Task material -
::::

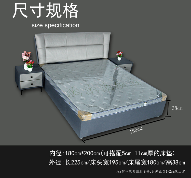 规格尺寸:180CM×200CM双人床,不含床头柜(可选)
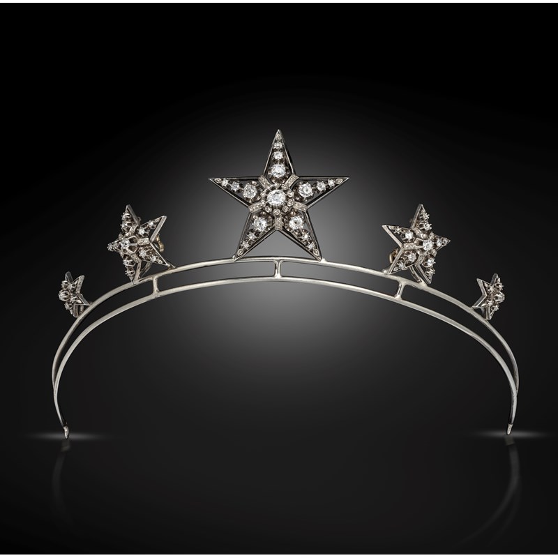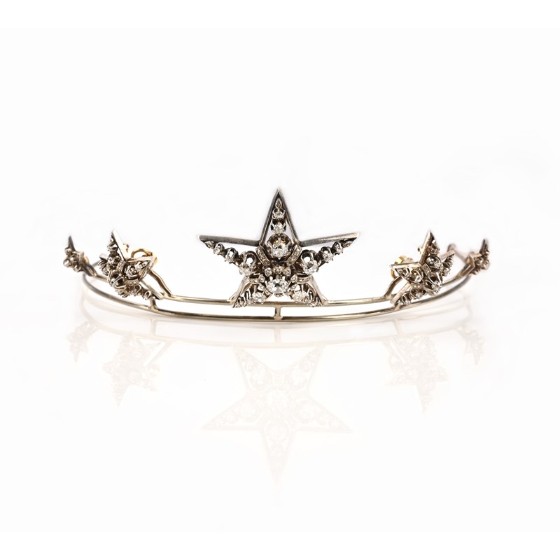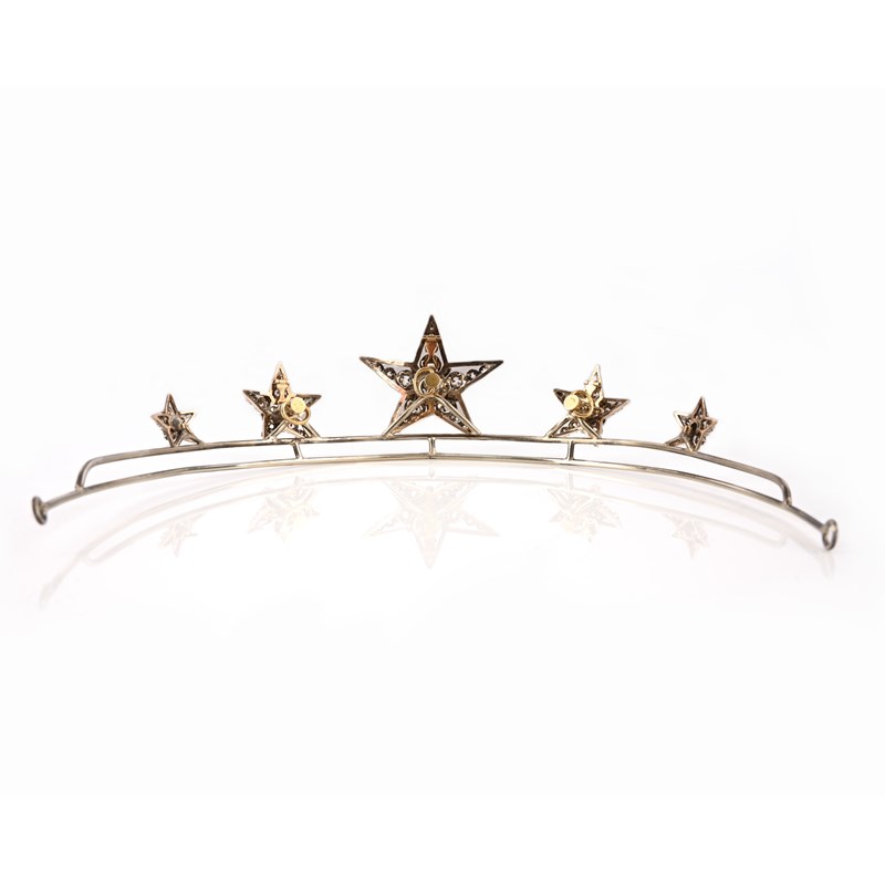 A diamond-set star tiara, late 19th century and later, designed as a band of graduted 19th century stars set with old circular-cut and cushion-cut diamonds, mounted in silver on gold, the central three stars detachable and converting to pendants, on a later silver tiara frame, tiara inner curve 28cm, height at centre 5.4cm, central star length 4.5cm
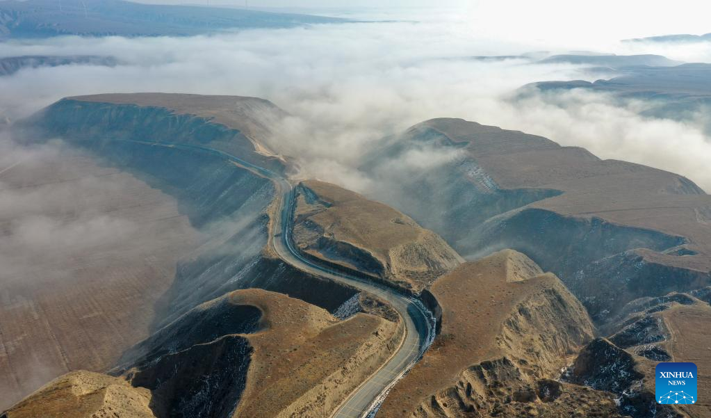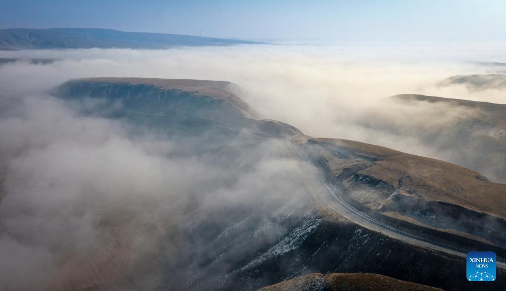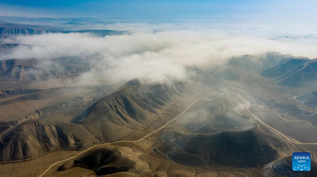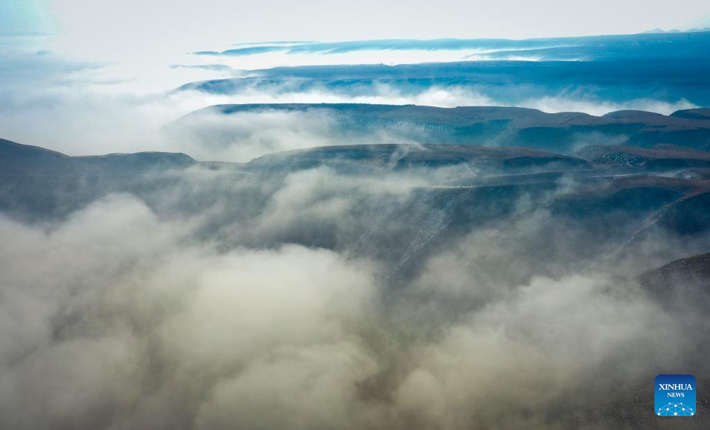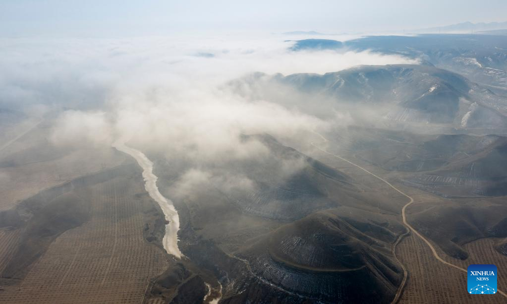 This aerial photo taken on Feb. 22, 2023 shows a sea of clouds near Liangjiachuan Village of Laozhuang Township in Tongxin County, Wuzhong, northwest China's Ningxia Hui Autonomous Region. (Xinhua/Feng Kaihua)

::::

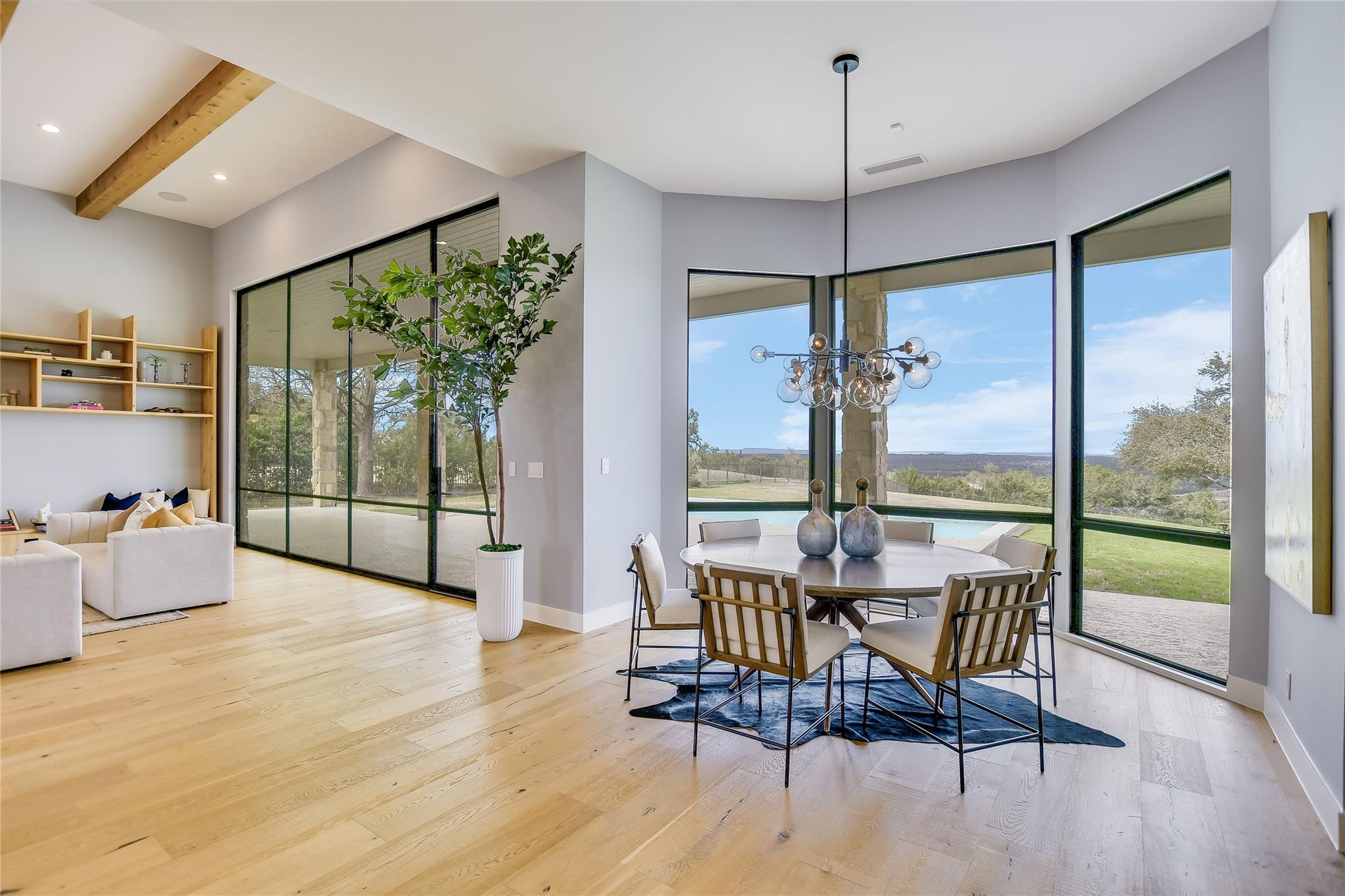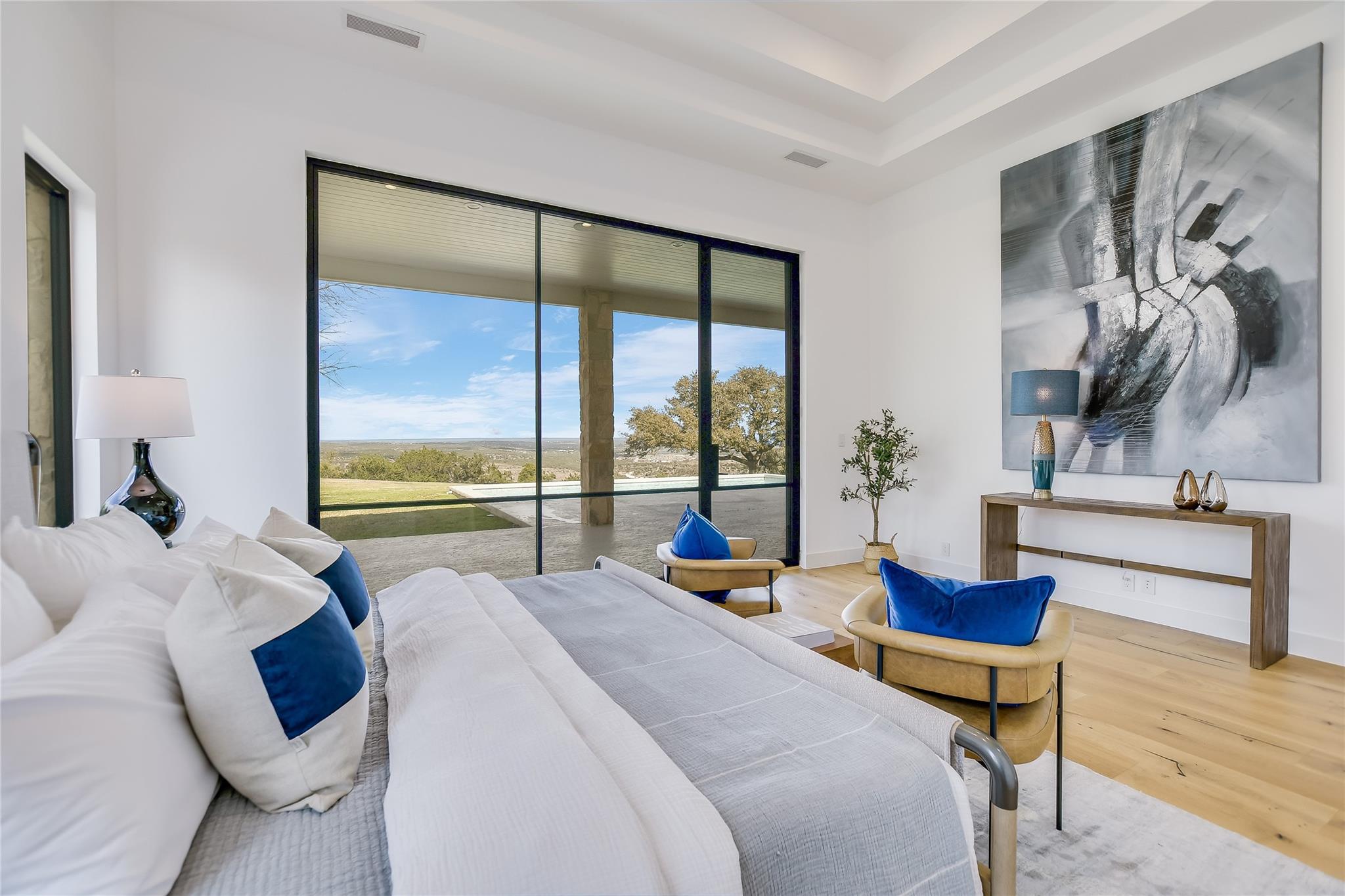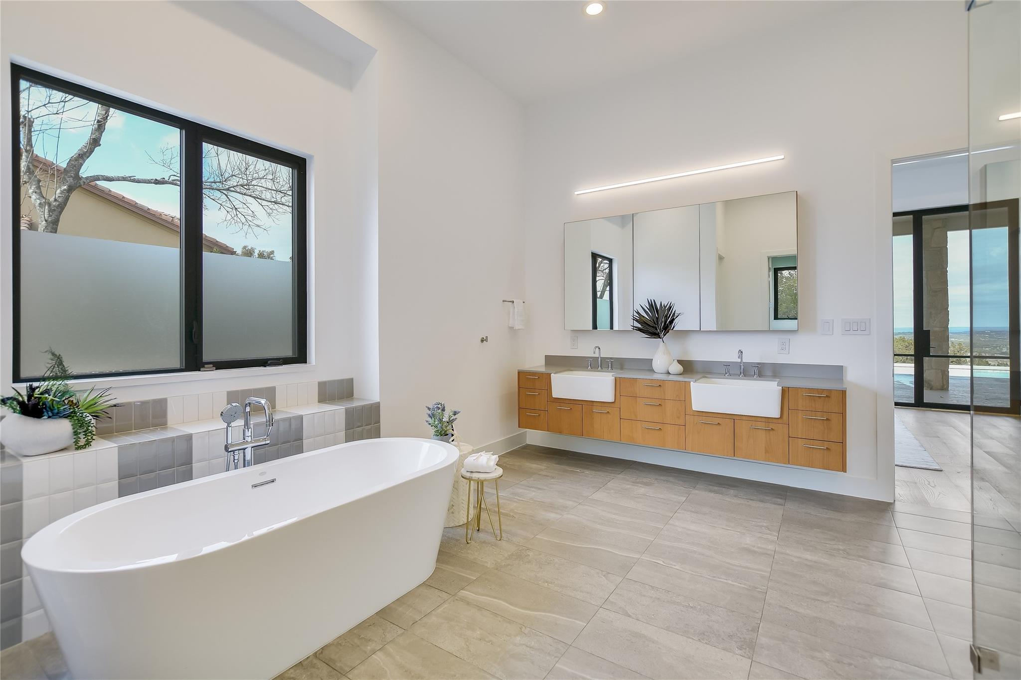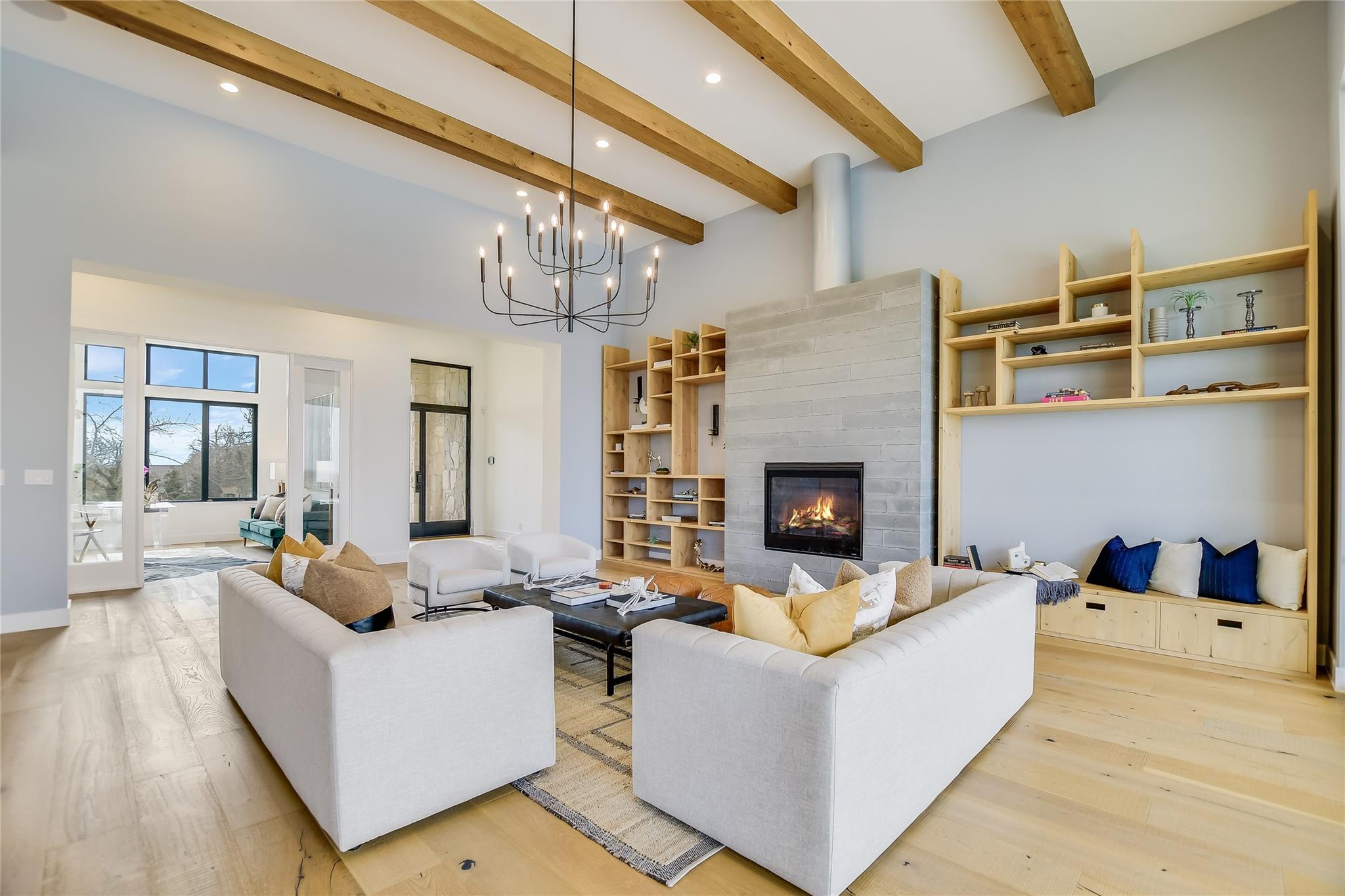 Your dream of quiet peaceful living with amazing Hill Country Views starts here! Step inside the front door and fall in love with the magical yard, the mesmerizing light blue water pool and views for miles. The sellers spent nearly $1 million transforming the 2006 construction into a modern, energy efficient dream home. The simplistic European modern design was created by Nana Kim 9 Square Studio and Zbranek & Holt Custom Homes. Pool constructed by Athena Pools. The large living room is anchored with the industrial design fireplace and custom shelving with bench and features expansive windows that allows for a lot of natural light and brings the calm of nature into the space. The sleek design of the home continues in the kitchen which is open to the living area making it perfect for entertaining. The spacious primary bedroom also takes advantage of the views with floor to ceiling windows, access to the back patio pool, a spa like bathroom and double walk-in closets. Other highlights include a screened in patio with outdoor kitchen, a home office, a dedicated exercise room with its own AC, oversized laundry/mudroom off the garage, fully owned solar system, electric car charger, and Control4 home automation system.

::::

What the task requires - Copy exactly the part of the material above that opens with the line containing "规格尺寸:180CM×200CM双人床,不含床头柜(可选)" and closes with the line containing "This aerial photo", ends included. Drop the images.

Response area -
 规格尺寸:180CM×200CM双人床,不含床头柜(可选)
 A diamond-set star tiara, late 19th century and later, designed as a band of graduted 19th century stars set with old circular-cut and cushion-cut diamonds, mounted in silver on gold, the central three stars detachable and converting to pendants, on a later silver tiara frame, tiara inner curve 28cm, height at centre 5.4cm, central star length 4.5cm
 This aerial photo taken on Feb. 22, 2023 shows a sea of clouds near Liangjiachuan Village of Laozhuang Township in Tongxin County, Wuzhong, northwest China's Ningxia Hui Autonomous Region. (Xinhua/Feng Kaihua)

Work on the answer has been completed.